Politics

If the PM pursues a no-deal Brexit, she will be stopped

MPs know that crashing out of Europe would be a disaster. They simply will not allow it to happen

December 23, 2018
Photo: Adrian Dennis/PA Wire/PA Images
Photo: Adrian Dennis/PA Wire/PA Images

In light of last week’s key political row, it is important to clarify something important about the prime minister. She is not a “stupid woman.” She is, in fact, asking us to believe that she is a politically homicidal one.

We are less than 100 days from Brexit and the time to mince words has passed. Theresa May has publicly and loudly increased preparations for the scenario of no deal with the EU. But it is impossible to prepare. We can “take back control” of Britain but not of France. Full customs and regulation checks will take place on outbound traffic across the Channel, and that means incoming traffic will grind to a halt. Food and medicine will not arrive. People will die.

This is not just idle speculation, but confirmed in countless government briefings and industry warnings. The health secretary boasts that he is buying fridges to stockpile perishable medication. The defence secretary talks of thousands of troops in the streets. New government plans revealed to the Times suggest we will have to vary our diets. Nothing says taking back control like the government itemising all the food we can’t eat.

The price for this navel-gazing orgy of self-harm amounts to £2bn. This is admittedly a drop in the ocean compared to our £39bn divorce bill, but still represents an impressive destination for a project that was supposed to save us money. That £2bn really could have been spent on the NHS at the time the NHS most needs it. Perhaps next time the campaign bus will promise something else.

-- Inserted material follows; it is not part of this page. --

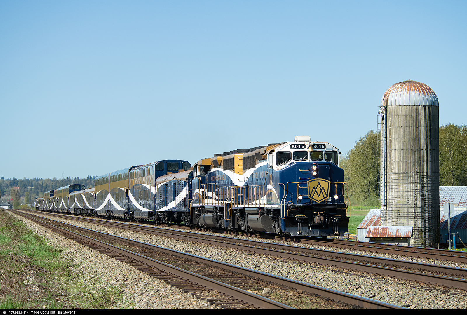 RailPictures.Net Photo: RMRX 8015 Rocky Mountaineer Railtours EMD GP40-2W at Matsqui, British Columbia, Canada by Tim Stevens

Last week, the car industry released an unprecedented statement asking the government and parliament to take no-deal off the table. The prime minister will not. British employers are openly begging her not to sacrifice them, and she refuses. It doesn’t matter that she is bluffing. Companies have to believe what the government tells them, and many are already preparing to leave. Once they have gone, they will not return. Quite an achievement for the self-proclaimed party of business.

Then there is the human cost. People with chronic illnesses have written to me outlining their crippling anxiety. One leaked government document suggested that suicide rates could dramatically increase after a no-deal. Hard Brexiteers accuse Remainers of stoking up this worry. The reverse is true: I am doing my best to reassure people that it won’t happen. Because it won’t.

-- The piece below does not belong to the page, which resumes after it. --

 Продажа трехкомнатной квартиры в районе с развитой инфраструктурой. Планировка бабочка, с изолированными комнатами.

Why? Because no-deal is a game to May. The prime minister knows that she cannot sell her deal as it stands and cannot renegotiate it to make it more palatable, and has consequently devised a squalid ruse to blackmail her MPs into endorsing it. The cynicism cannot be understated. May is literally threatening the country with economic and social devastation in order to win a parliamentary vote. It is the most recklessly irresponsible peacetime act of any prime minister in modern history. When her colleagues promised us a “safe pair of hands” back in 2016, let’s just say this wasn’t it.

Yet even if May was sadistic enough to trigger a no-deal scenario, there are numerous actions parliament could take to thwart her. Labour and Tory MPs, including loyalists like Oliver Letwin, are preparing blocking amendments to vital legislation. Binding resolutions and contempt motions will follow. There is an effective majority to paralyse parliament. If May does choose to actively pursue no-deal, three Tory MPs have already promised to renounce the whip and vote against the government, and others are poised to do the same. If the government did lose a no-confidence motion, it would either have to abandon the policy in order to win a second motion, or there would have to be a general election. In those circumstances parliament would, without question, demand an extension to Article 50, and the government would have to comply. The EU has already signalled that it would grant it.

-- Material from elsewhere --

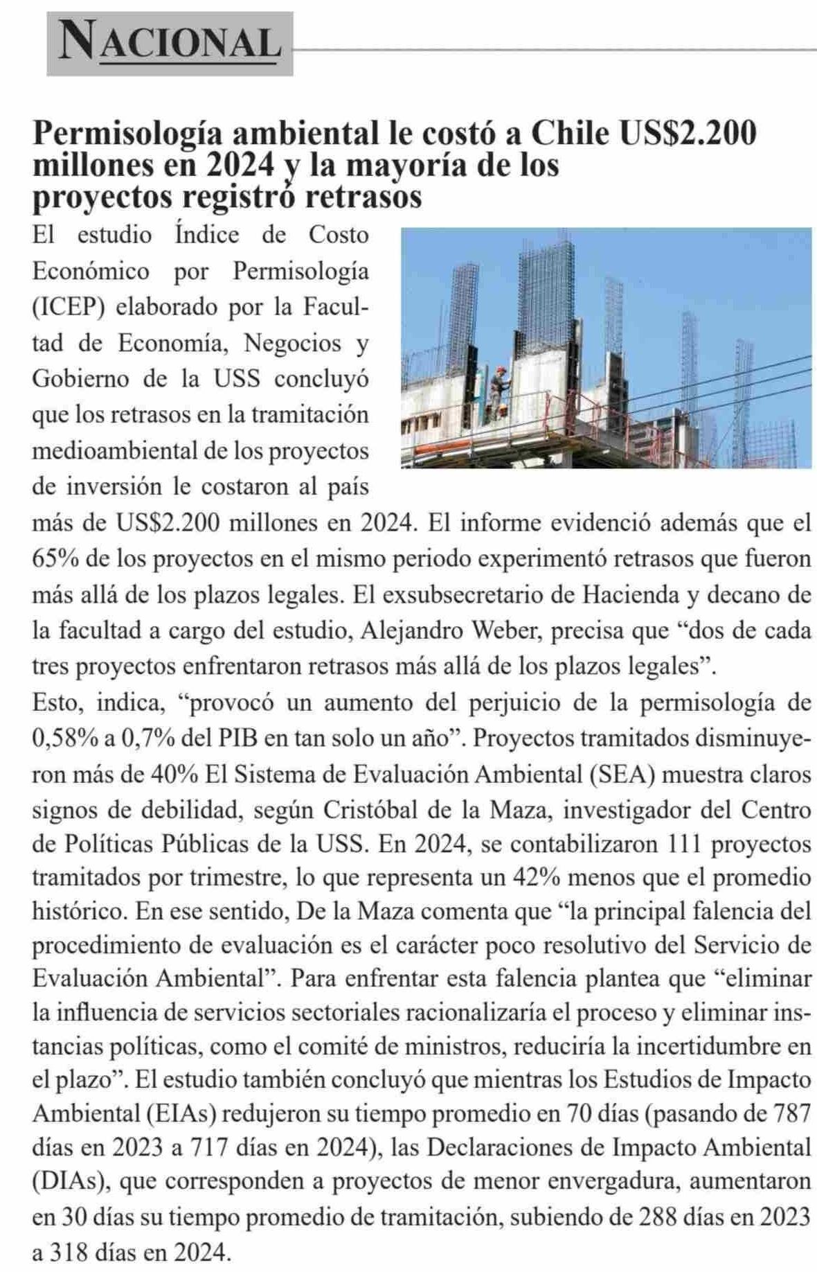 Título: Permisología ambiental le costó a Chile USS2.200 millones en 2024 y la mayoría de los proyectos registró retrasos

Many commentators point out that no-deal is the legal default. They are technically correct. But just imagine we get to say, 20th March, and we are heading for no-deal in nine days’ time. Do we really think that MPs will do nothing? That the cabinet won’t disband? That the government will win a confidence vote? That the EU will kick us over the cliff-edge when neither parliament nor the people want to jump? No-deal may be the default but in reality it is a choice.

Think of the recent Gatwick drones fiasco, an incident bringing disruption and misery to hundreds of thousands and leading the news agenda. Multiply that by a few hundred, for nine months, and you have an idea of no-deal. The government knows this. It would not survive 20 minutes. Indeed, the mere talk of no-deal has erased any lingering pretence that Britain remains a pragmatic or serious country. But while our leaders may have shed their decency, most of them are not yet prepared to throw our future away altogether.

The government is currently choosing to terrify people; and if it was ever permitted to implement its threatened policy, it would also be choosing to cut off their food and medicine supplies. It takes only a handful of Tory MPs to prevent this historic disgrace. If they do, they will perhaps save their careers. More importantly, they will be saving the country.